The Auditor’s Report gave the reasons why they could not sign off on the financials as presented to them by the management of the Waterfront Trust. The crucial paragraph states as follows:
“Due to an absence of adequate internal controls we were unable to satisfy ourselves that all revenues and expenditures of the organization had been recorded nor that the recorded transactions were proper. As a result we were unable to determine whether adjustments were required in respect of recorded or unrecorded assets, recorded or unrecorded liabilities and the components making up the statements of operations, changes in net assets and cash flow.” Published in the Bay Observer
The Board of Director’s responsibilities and the Auditor’s responsibilities in this process are outlined below. We were able to verify the contents in a conversation with the ICAO (Institute of Chartered Accountants of Ontario)
Directors’ Responsibility for the Financial Statements
The directors of the Company are responsible for the preparation and fair presentation of these financial statements in accordance with Financial Reporting Standards in Canada. This responsibility includes: designing, implementing and maintaining internal control relevant to the preparation and fair presentation of financial statements that are free from material misstatement, whether due to fraud or error; selecting and applying appropriate accounting policies; and making accounting estimates that are reasonable in the circumstances.
Auditors’ Responsibility
The Auditor’s responsibility is to express an opinion on the financial statements based on their audit. The Auditors perform an audit in accordance with approved standards on auditing in Canada. Those standards require that they comply with ethical requirements and plan and perform the audit to obtain reasonable assurance whether the financial statements are free from material misstatement. An audit involves performing procedures to obtain audit evidence about the amounts and disclosures in the financial statements. The procedures selected depend on their judgment, including the assessment of risks of material misstatement
of the financial statements, whether due to fraud or error. In making those risk assessments, they consider internal control relevant to the Company’s or Organization’s preparation and fair presentation of the financial
statements in order to design audit procedures that are appropriate in the circumstances, but not for the purpose of expressing an opinion on the effectiveness of the Company’s internal control.
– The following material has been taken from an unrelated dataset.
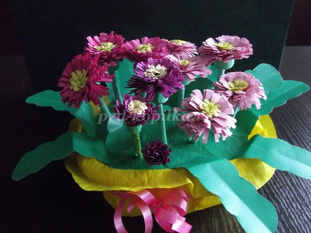 Открытка с красивыми объёмными цветами внутри: мастер-класс, часть 1 Открытка с красивыми объёмными цветами внутри: мастер-класс, часть 1 Автор: Сейитмедова Оксана Сейтиевна Для основания нашей открытки мы возьмем плотный картон формата А4 голубого цвета. Складываем его пополам. Бумагу светло-желтого цвета формата А4 складываем пополам, отмеряем 5 см от верхнего края заготовки. Далее отмеряем 8 см в правую сторону, затем переворачиваем линейку и чертим острый угол. После отступаем 3-4 см от того места, где заканчивается большой треугольник. Далее отмеряем 3 ... Зонтик из бумаги: часть 1 Зонтик из бумаги: часть 1 Автор: Манушина Татьяна Владимировна Нам понадобятся: 2 листа цветной бумаги разного цвета, клей, ножницы, дырокол, линейка. Ход работы: Из двух листов цветной бумаги прямоугольной формы с помощью линейки (без использования ножниц) сделаем 2 квадрата 20х20 см и 2 прямоугольника 20х10 см. Для изготовления одного зонтика нам понадобятся получившиеся квадрат и прямоугольник разных цветов. Из квадрата делаем базовую форму «двойной треугольник». Каждую из длинн... Как сделать открытку с объемными цветами внутри: часть 1 Как сделать открытку с объемными цветами внутри: часть 1 Автор Зарина Кантеева. 1. Каждый из семи листиков складываем треугольником трижды 2. Закругляем концы нашей заготовки, срезая края полукругом Получаем сложенные лепестки цветов 3. Разворачиваем наши заготовки и получаем нежные цветы. 4. На каждом цветке отмечаем карандашом один лепесток. Вырезаем его 5. Наносим клей на крайний лепесток и накладываем на него другой. Получаем конусовидные цветы разных цветов 6. Складываем картон пополам. ... Открытка в технике квиллинг: мастер-класс, часть 2 Открытка в технике квиллинг: мастер-класс, часть 2 Автор: Полтавцева Валентина Николаевна «Треугольник» - делаем каплю, а затем округлую часть сплющиваем, чтобы она стала прямой «Свободная спираль» - на зубочистку намотаем полоску бумаги, затем кончик спиральки размотаем, изгибая, придаём нужную форму, ориентируясь на схему Кружок с размер 6 просто снимем с зубочистки и зафиксируем кончик клеем. Вот с такими детальками будем дальше работать. 3. Приклеиваем элементы: с помощью кисти... Силуэтные аппликации с арктическими животными Силуэтные аппликации с арктическими животными Внутри вырезанного по шаблону можно расположить как цельный лист цветной бумаги, так и множество мелких кусочков. Маргаритки: мастер-класс: часть 2 Маргаритки: мастер-класс: часть 2 Авторы: Панарин Кирилл, Полтавцева Валентина Николаевна. 6. Пенопласт вырезать по форме контейнера и оклеить зелёной бумагой, после просыхания сделать отверстия по количеству сделанных цветов. 7. Зелёную бумагу загнуть вдоль края на 0,7 см и вырезать листья разной конфигурации Затем приклеить их на заготовку из пенопласта. 8. Гофрированной бумагой обернуть контейнер и закрепить её при помощи ленточки, затем вставить в контейнер заготовку с листьями. 9. В отв... Мастер-класс по созданию бумажного зонтика Мастер-класс по созданию бумажного зонтика Автор Гасинова Арина Артуровна. Материалы: цветная бумага для заметок (30-50), ножницы, клей, карандаш. Ход работы: 1. Складываем наши листы треугольником дважды 2. Закругляем треугольники,срезая углы. Чтобы получились одинаковые детали, можно крышкой клея-карандаша обвести все заготовки 3. Вырезаем та

An audit also includes evaluating the appropriateness of accounting policies used and the reasonableness of accounting estimates made by the directors, as well as evaluating the overall presentation of the financial statements.
Adverse Opinion
An Adverse Opinion is issued when the auditor determines that the financial statements of an auditee are materially misstated and, when considered as a whole, do not conform to GAAP (Generally Accepted
Accounting Principles – the accounting standards at the time when the Adverse Opinion was issued). It is considered the opposite of an unqualified or clean opinion, essentially stating that the information contained is materially incorrect, unreliable, and inaccurate in order to assess the auditee's financial position and results of operations. Investors, lending institutions, and governments very rarely accept an auditee's financial statements if the auditor issued an adverse opinion. In the adverse opinion the auditor clearly states that the financial statements are not in accordance with GAAP which means that they, as a whole, are unreliable,
inaccurate, and do not present a fair view of the auditee's position and operations.
An Adverse Opinion issued in the private sector can have a devastating effect on the enterprise, resulting in loss of confidence by the investors, action by regulatory bodies and drastic changes in management.
In the case of the Waterfront Trust this Adverse Opinion seems to have been regarded as a normal occurrence. During the opening questioning at the GIC of September 6 Councillor Clark, who as far as we know is not a Chartered Accountant, led the questioning and discussion on this point.
Councillor Clark began the discussion and during his remarks stated; " They (The Waterfront Trust) did not fail an audit......an Auditor issued an Adverse Opinion.........Adverse Opinion is common in the industry
Stoney Creek News Thursday, September, 06, 2012 “They should celebrate the success of what is happening (at the waterfront) and stop this nonsense,” said Stoney Creek Councillor Brad Clark. “It’s like
a snowball going down a hill. The inference is we have not done our jobs. I do take offense to that.” Councillor Brad Clark
Mountain Councillor Terry Whitehead called the public controversy over the waterfront trust a “tempest in a tea cup.” (Idem)
“This whole experience is much ado about nothing,” said Merulla. (Idem)
In conclusion, recent information concerning the insurance settlement and now the skating rink, zamboni etc.(October 2012 issue The Bay Observer), still call into question whether or not the issues identified in the Adverse Opinion may have be completely dealt with as was put forth by the Councillors present at the GIC of September 6, 2102.
We consider Issue 1 of our GIC Presentation back on the table.